Global markets tumbled as investors pulled back from the artificial-intelligence trade that has powered stocks for much of the past year. Asian shares led the slide, with Tokyo falling nearly 5% — and by some accounts more than 5% — as slumping AI-linked stocks dragged world markets lower.

The selloff rippled across the region. China's AI shares tumbled as a Wall Street rout deepened, according to Investing.com, while Bloomberg reported that Japanese stocks dived on worries about how much longer the AI rally can run. Reuters noted how Korean stocks have shifted from a trusted market bellwether into a vehicle for AI enthusiasm.

At the center sat chip giant TSMC. Crypto Briefing reported that the company's record-breaking quarter nonetheless triggered a 7.3% plunge in its stock and set off a broader selloff in Asian chipmakers.
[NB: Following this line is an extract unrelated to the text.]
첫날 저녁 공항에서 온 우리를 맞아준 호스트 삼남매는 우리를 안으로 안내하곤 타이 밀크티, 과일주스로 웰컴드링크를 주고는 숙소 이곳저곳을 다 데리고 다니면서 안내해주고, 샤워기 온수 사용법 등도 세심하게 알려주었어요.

Part of the unease traces to caution about the future: Morningstar senior equity analyst Phelix Lee told CNBC that TSMC's reluctance to give long-term revenue growth guidance reflects a wariness at Asia's most valuable company. Separately, Wccftech reported that TSMC's CEO stressed that choosing chipmaking technology "isn't like buying milk from 7-Eleven" and admitted he was jealous of rival Samsung's profits.
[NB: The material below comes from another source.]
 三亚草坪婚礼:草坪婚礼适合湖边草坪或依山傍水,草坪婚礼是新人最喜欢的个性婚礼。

The deeper worry is valuation. The Financial Times framed the moment as the AI trade "going into reverse." Analysis cited by MSN said the AI chip rally is losing momentum as investors reassess sky-high valuations and rotate money toward hyperscalers, with those cloud giants' capital-expenditure growth projected to slow sharply after this year.

Why it matters: AI-linked chipmakers have become the engine of global stock gains, so a sudden reassessment of their worth can drag down retirement accounts and markets far beyond the technology sector.